FIG. 14 is a cross-sectional view of an expansion cylinder provided in accordance with one embodiment of the present invention.

Reference numerals:

1-an inner core body; 2-outer cylinder; 3-gas collection cavity end cover;

4-a fuel inlet; 5-an oxidant inlet; 6-cone;

7-convergence cylinder; 8-expanding the cylinder body;

21-an annular combustion chamber;

31-a fuel chamber; 32-circular seam; 33-an oxidant chamber;

34-a ring cavity; 35-a fuel channel; 36-an oxidant channel;

37-a first adjustable venturi; 38-a second adjustable venturi;

71-a second gap; 81-third gap.

Detailed Description

The technical solutions of the present invention will be described clearly and completely with reference to the accompanying drawings, and it should be understood that the described embodiments are some, but not all embodiments of the present invention. All other embodiments, which can be derived by a person skilled in the art from the embodiments given herein without making any creative effort, shall fall within the protection scope of the present invention.

In the description of the present invention, it should be noted that the terms "center", "upper", "lower", "left", "right", "vertical", "horizontal", "inner", "outer", etc., indicate orientations or positional relationships based on the orientations or positional relationships shown in the drawings, and are only for convenience of description and simplicity of description, but do not indicate or imply that the device or element being referred to must have a particular orientation, be constructed and operated in a particular orientation, and thus, should not be construed as limiting the present invention. Furthermore, the terms "first," "second," and "third" are used for descriptive purposes only and are not to be construed as indicating or implying relative importance.

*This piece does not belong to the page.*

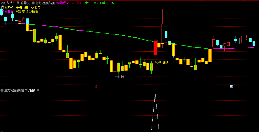【主力V型翻转】主图/副图/选股指标,V型突破擒龙信号准,价格突破筹码线时,发出V形反转信号!
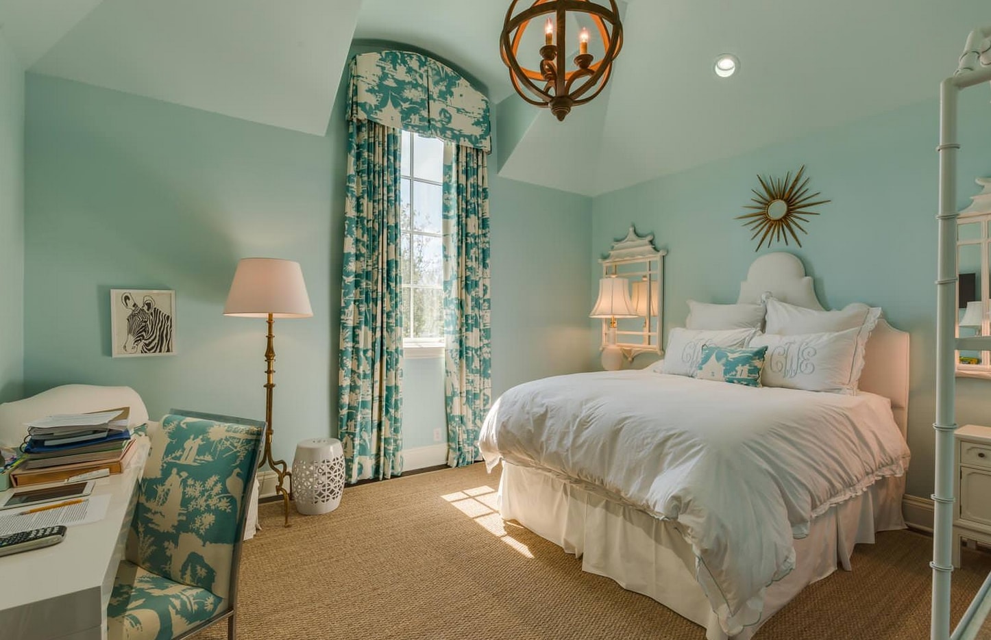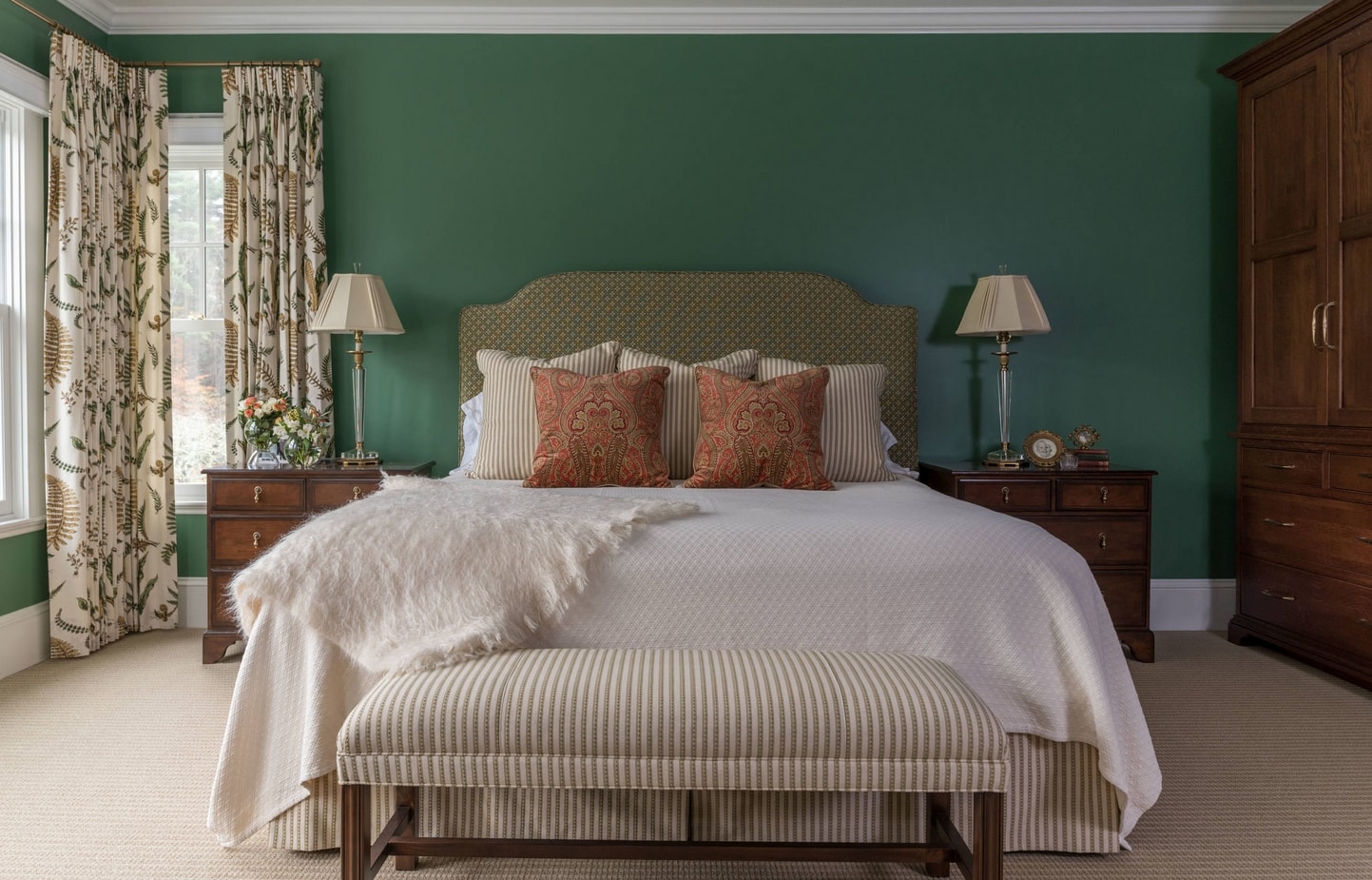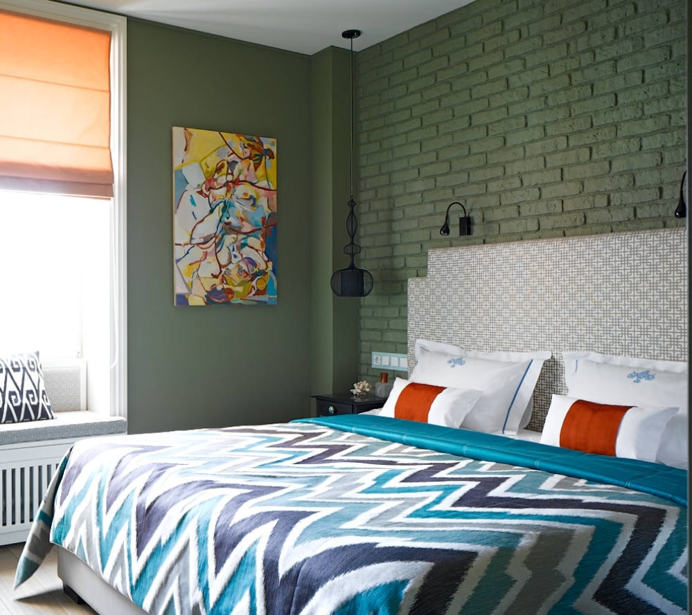 Pour les problèmes de sommeil, la chambre doit être décorée en vert. Ses nuances conviennent - olive et pistache. Le vert va bien avec les couleurs beige, marron, gris et les meubles en blanc.

In the description of the present invention, it should be noted that, unless otherwise explicitly specified or limited, the terms "mounted," "connected," and "connected" are to be construed broadly, e.g., as meaning either a fixed connection, a removable connection, or an integral connection; can be mechanically or electrically connected; they may be connected directly or indirectly through intervening media, or they may be interconnected between two elements. The specific meanings of the above terms in the present invention can be understood in specific cases to those skilled in the art.

FIG. 1 is a first elevation view of a variable thrust continuous detonation rocket-based engine provided in accordance with one embodiment of the present invention; FIG. 2 is a side view of a variable thrust continuous detonation rocket-based engine provided in accordance with one embodiment of the present invention; FIG. 3 is a cross-sectional view of a variable thrust continuous detonation rocket-based engine provided in accordance with one embodiment of the present invention; FIG. 4 is a second elevation view of a variable thrust continuous detonation rocket-based engine provided in accordance with one embodiment of the present invention; FIG. 5 is an exploded view of a variable thrust continuous detonation rocket-based engine provided in accordance with one embodiment of the present invention; fig. 6 is a perspective view of the core body 1 according to one embodiment of the present invention; fig. 7 is a sectional view of the core body 1 according to one embodiment of the present invention; fig. 8 is a perspective view of the outer cylinder 2 according to an embodiment of the present invention; fig. 9 is a sectional view of the outer cylinder 2 according to an embodiment of the present invention; fig. 10 is a perspective view of a gas collection chamber end cap 3 provided by one embodiment of the present invention; as shown in fig. 1 to 10, the present embodiment provides a variable thrust continuous detonation rocket-based engine, including:

an inner core body 1;

the outer cylinder body 2 is provided with a hollow cavity which is axially communicated and is used for being sleeved on the outer side of the inner core body 1;

a first gap is formed between the outer wall of the inner core body 1 and the inner wall of the outer cylinder body 2, and the first gap is used for forming an annular combustion chamber 21; the outer cylinder body 2 is provided with at least one pre-detonation tube structure for igniting the annular combustion chamber 21;

the gas collecting cavity end cover 3 is arranged at the head ends of the inner core body 1 and the outer cylinder body 2, and is connected with the inner core body 1 and the outer cylinder body 2;

the side wall of the gas collecting cavity end cover 3 is provided with a fuel inlet 4, and the fuel inlet 4 is communicated with the annular combustion chamber 21;

the end surface of the gas collecting cavity end cover 3 is provided with an oxidant inlet 5, and the oxidant inlet 5 is communicated with the annular combustion chamber 21;

a fuel tank connected to said fuel inlet 4 by means of said first adjustable venturi 37, and a first adjustable venturi 37, for adjusting the amount of fuel entering said annular combustion chamber 21; and/or (c) and/or,

an oxidizer tank connected to said oxidizer inlet 5 by said second adjustable venturi 38 and a second adjustable venturi 38 for adjusting the amount of oxidizer entering said annular combustion chamber 21.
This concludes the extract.